:: What you are asked to do ::
What you return must match the entries word for word, minus the pictures.

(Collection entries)
━━━━

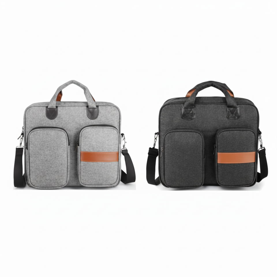 15.6-Inch Laptop Briefcase 660 Denier Black and Grey Linen Phthalate-Free Fabric 8 mm Foam Padding Type 8 Zipper Soft Bag
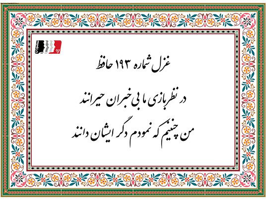 غزل 193 حافظ با در نظربازی ما بیخبران حیرانند آغاز می شود. وزن غزل در نظربازی ما ، فاعلاتن فعلاتن فعلاتن فع لان (بحر رمل مثمن مخبون اصلم مسبغ) می باشد. در ادامه می توانید متن کامل غزل و همچنین معنی لغات و شرح و تفسیر ابیات را مشاهده کنید. در شرح و تفسیر از کتاب شرح سودی بوسنوی ، شرح حافظ دکتر خطیب رهبر، دکتر عبدالحسین جلالیان و شرح شوق دکتر حمیدیان بهره گرفته شده است. ضمنا می توانید از فایل pdf متن، معنی و تفسیر غزل 193 حافظ استفاده کنید.
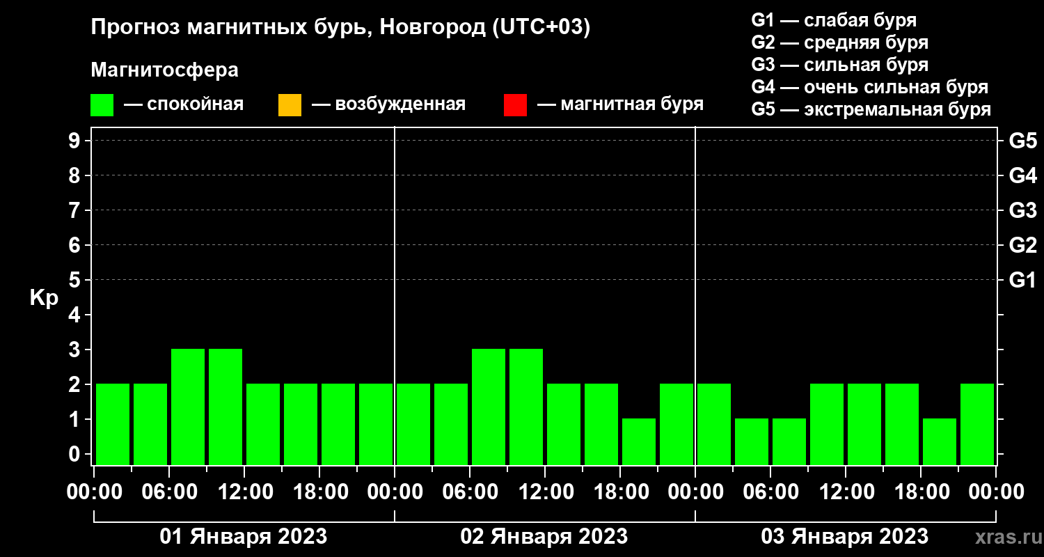 Прогноз магнитных бурь в Новгороде на 1 января 2023 года
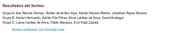 Lista de participantes: Adrián Herrero Martín, Alicia Lardiez de Ance, Laura Lardiez de Ance, Eva Vidal Zapata, David Aristegui, Adrián Pila Pérez, Rubén de Arriba Viejo, Pablo Marquez, Jonathan Reyes Moreno, Iker Ramos Gómez, Adrián Hernando.
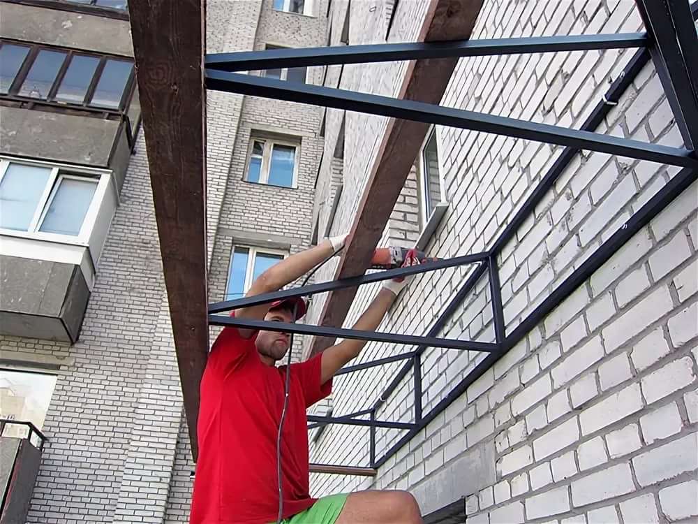 - معدن. الهيكل المعدني هو خيار غير مكلف وخفيف الوزن ودائم للأسقف. ومع ذلك ، سيكون من الضروري تجهيز عزل الصوت والحرارة. يفضل بعض مالكي الشقق المظلات المصنوعة من الحديد المطاوع ، وهي ليست عملية فحسب ، بل هي أيضًا أصلية في المظهر.
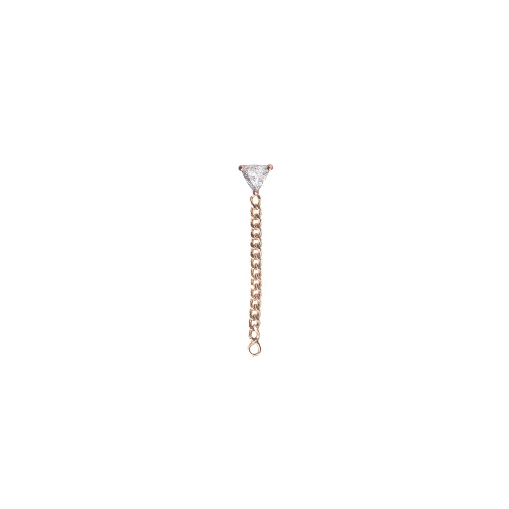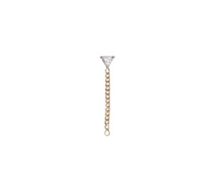La boucle d’oreille Just Joy Lucky, surmontée d’un diamant taille triangle est un bijou rock ultra tendance qui ne vous quittera plus. Accrochez l’anneau à l’extrémité de la petite chaîne à la tige de votre boucle d’oreille préférée. Vous n’aurez plus d’excuses, grâce à cette création, vous serez toujours super looké.e !
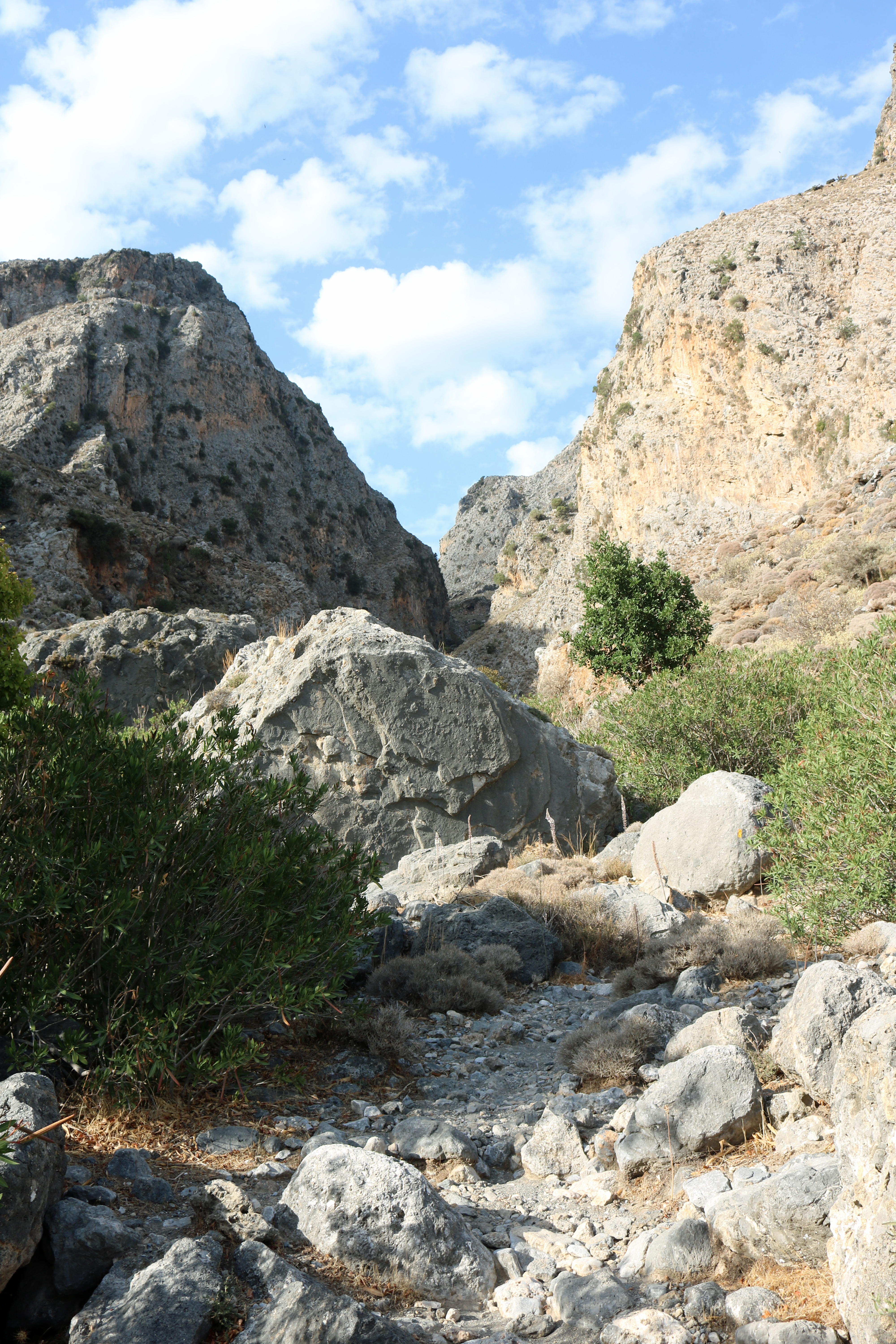 L’entrée des gorges se trouve à environ 3,5 km au sud-ouest du village, sur la petite route en lacets qui relie Kallikratis à Patsianos, à une altitude d’environ 670 m ; la traversée des gorges à une longueur de 4 km ; la sortie des gorges se trouve à environ 120 m d’altitude ; le dénivelé est de 550 m pour une pente moyenne d’environ 13 %. Aller à l’entrée des gorges de Kallikratis avec Google Maps (35.231206, 24.241115). À environ 1,5 km à l’ouest des gorges de Kallikratis se trouvent les gorges d’Asfendos (φαράγγι Ασφένδου) qui descendent du village d’Asfendos (Άσφενδος) vers la plaine côtière ; il existe un chemin muletier dans ces gorges par lequel transhumaient les troupeaux ; il est possible d’effectuer un circuit en empruntant ces gorges pour remonter vers Asfendos puis retourner à Kallikratis par la route provinciale 55. |

━━━━

:: Solution for this task ::
 15.6-Inch Laptop Briefcase 660 Denier Black and Grey Linen Phthalate-Free Fabric 8 mm Foam Padding Type 8 Zipper Soft Bag
 غزل 193 حافظ با در نظربازی ما بیخبران حیرانند آغاز می شود. وزن غزل در نظربازی ما ، فاعلاتن فعلاتن فعلاتن فع لان (بحر رمل مثمن مخبون اصلم مسبغ) می باشد. در ادامه می توانید متن کامل غزل و همچنین معنی لغات و شرح و تفسیر ابیات را مشاهده کنید. در شرح و تفسیر از کتاب شرح سودی بوسنوی ، شرح حافظ دکتر خطیب رهبر، دکتر عبدالحسین جلالیان و شرح شوق دکتر حمیدیان بهره گرفته شده است. ضمنا می توانید از فایل pdf متن، معنی و تفسیر غزل 193 حافظ استفاده کنید.
 Прогноз магнитных бурь в Новгороде на 1 января 2023 года
 Lista de participantes: Adrián Herrero Martín, Alicia Lardiez de Ance, Laura Lardiez de Ance, Eva Vidal Zapata, David Aristegui, Adrián Pila Pérez, Rubén de Arriba Viejo, Pablo Marquez, Jonathan Reyes Moreno, Iker Ramos Gómez, Adrián Hernando.
 - معدن. الهيكل المعدني هو خيار غير مكلف وخفيف الوزن ودائم للأسقف. ومع ذلك ، سيكون من الضروري تجهيز عزل الصوت والحرارة. يفضل بعض مالكي الشقق المظلات المصنوعة من الحديد المطاوع ، وهي ليست عملية فحسب ، بل هي أيضًا أصلية في المظهر.
La boucle d’oreille Just Joy Lucky, surmontée d’un diamant taille triangle est un bijou rock ultra tendance qui ne vous quittera plus. Accrochez l’anneau à l’extrémité de la petite chaîne à la tige de votre boucle d’oreille préférée. Vous n’aurez plus d’excuses, grâce à cette création, vous serez toujours super looké.e !
 L’entrée des gorges se trouve à environ 3,5 km au sud-ouest du village, sur la petite route en lacets qui relie Kallikratis à Patsianos, à une altitude d’environ 670 m ; la traversée des gorges à une longueur de 4 km ; la sortie des gorges se trouve à environ 120 m d’altitude ; le dénivelé est de 550 m pour une pente moyenne d’environ 13 %. Aller à l’entrée des gorges de Kallikratis avec Google Maps (35.231206, 24.241115). À environ 1,5 km à l’ouest des gorges de Kallikratis se trouvent les gorges d’Asfendos (φαράγγι Ασφένδου) qui descendent du village d’Asfendos (Άσφενδος) vers la plaine côtière ; il existe un chemin muletier dans ces gorges par lequel transhumaient les troupeaux ; il est possible d’effectuer un circuit en empruntant ces gorges pour remonter vers Asfendos puis retourner à Kallikratis par la route provinciale 55. |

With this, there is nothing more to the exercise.